While Smartphone manufacturers have typically relied on dual-camera setups to offer depth effect and bokeh shots, Google is relying on a single-camera setup. Pixel 2 XL’s Portrait Mode, handled with just one lens, can do much the same job as Samsung without the extra room required for a dual setup. It is able to capture depth information and offer portrait shots similar to the Samsung Galaxy Note 8. Google has succeeded in offering the same level of capability with a single-camera setup, relying on algorithms and software magic to achieve the same results.
The Pixel 2 XL’s front-facing camera also lets you take Portrait Mode photos and they look amazing.
On the Note 8, if a portrait shot didn’t come out stellar, you can able to adjust the amount of blur to better blend in the foreground and background. And it’s something the Pixel 2 XL can’t do.’
Details on the face are much more visible on the picture taken with the Pixel 2 XL, while the Note 8 tend to ‘beautify’ or smooth out smaller details presumably in pursuit of getting the depth effect right.
On the overall quality of the photo, the Google Pixel 2 XL’s incredible attention to detail and accurate color tones help it do a better job on the whole.
The Note 8 uses its dual-camera setup to shoot zoomed-in images. Its 2X optical zoom allows you to get closer to any subject without diminishing image quality. Not only does the phone capture more detail when zoomed in, its use of optical image stabilization on both rear-camera sensors makes for images that are much more stable and less likely to blur out due to minor shakes.
On the other side, the Pixel 2 XL’s single rear camera has only digital zoom, which results in close-ups that look softer with more color noise. Digital zoom isn’t as good as optical zoom because it’s simply enlarging the pixels to zoom in, which robs a photo of fine detail.
So, the Galaxy Note 8 is clearly the winner here.

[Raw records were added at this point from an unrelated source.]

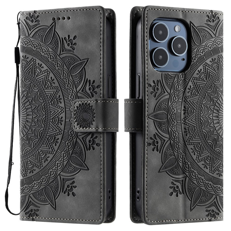Protect your iPhone 13 Pro in style with this premium PU leather wallet case. Featuring a stylish mandala design, 3 card slots, magnetic closure and integrated stand for hands-free use.
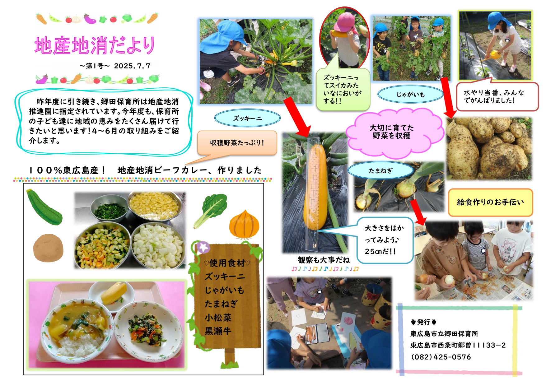 園児と先生が育てたズッキーニ、じゃがいも、玉ねぎ、市内産の小松菜や黒瀬牛を使って地産地消カレーを作ったそうです。
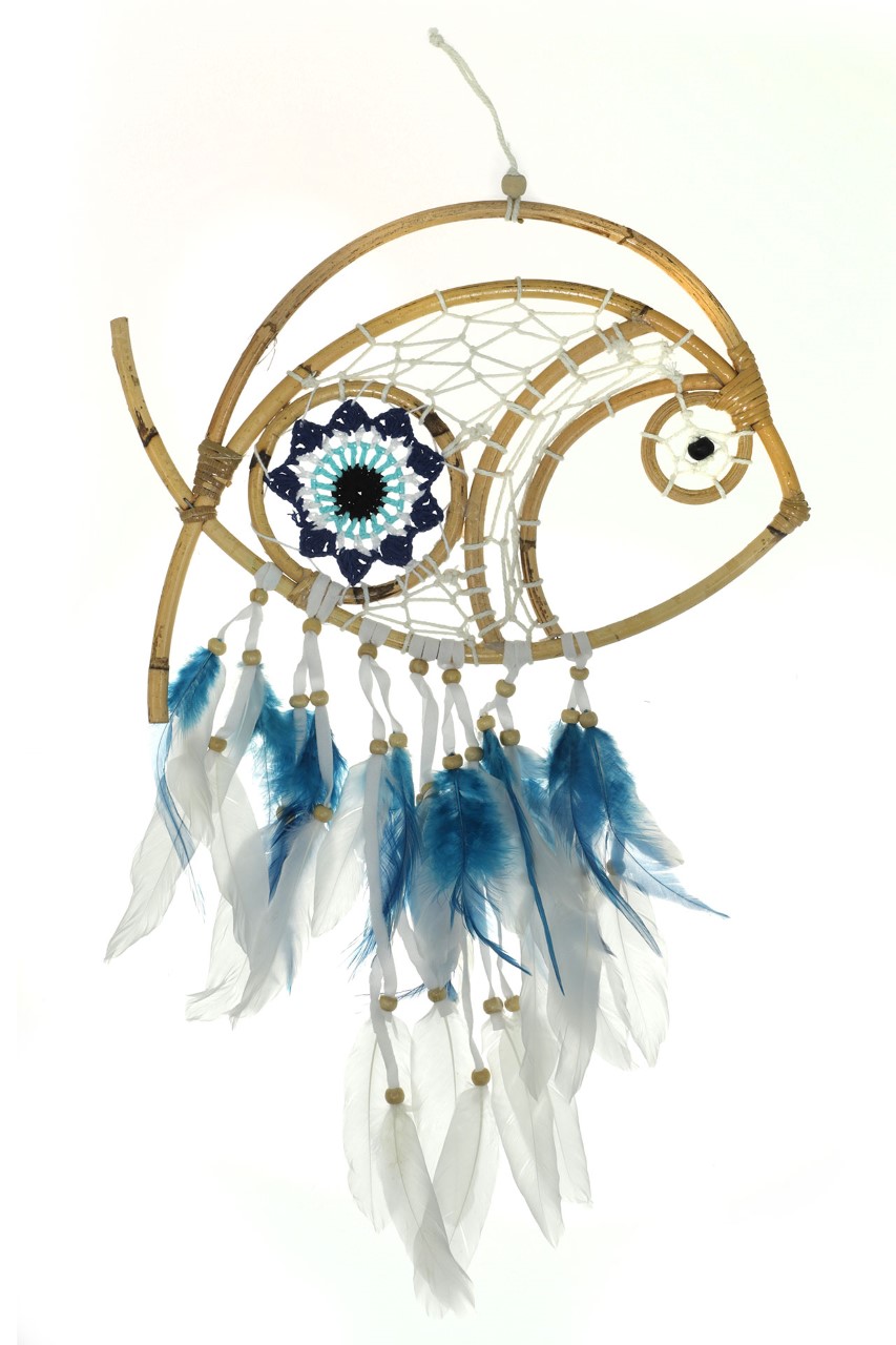 Χειροποίητη ονειροπαγίδα σε σχήμα ψαριού από bamboo διαστάσεων 30*46εκ. στολισμένη με χάνδρες και φτερά

The Note 8’s video stabilization is good, but the Pixel 2 XL’s “fusion stabilization” is the best. It uses a combination of optical image stabilization (OIS), electronic stabilization (EIS) and post-processing to achieve super steady, but natural-looking video.

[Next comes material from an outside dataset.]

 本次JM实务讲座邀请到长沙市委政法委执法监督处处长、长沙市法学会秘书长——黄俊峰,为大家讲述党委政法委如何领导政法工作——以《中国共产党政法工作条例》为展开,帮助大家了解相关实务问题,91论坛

According to Patrick Holland from CNET, Pixel 2 XL video didn’t have the detail and dynamic range its photos had and the Note 8’s videos had noise and aliasing in the shadows. The Note 8 and Pixel 2 XL are capable of jaw-dropping 240fps slow motion. Unfortunately, it’s at a not-quite-so-jaw-dropping 720p resolution leaving the video looking soft. However, the Pixel 2 XL can shoot 120fps at 1,080p producing dramatic slow motion without sacrificing resolution.
People looking to upgrade to any of these two new Android phones have a pretty tough choice to make. Trying to determine which phone has the best cameras is complicated. If you use zoom a lot and want a gorgeous display to view your photos, the Note 8 is the way to go. But if you want the best photos, the steadiest video, and excellent Portrait Mode selfies, go for the Pixel 2 XL.
The Google Pixel 2 XL is, on the whole, the best of the two devices, in our opinion.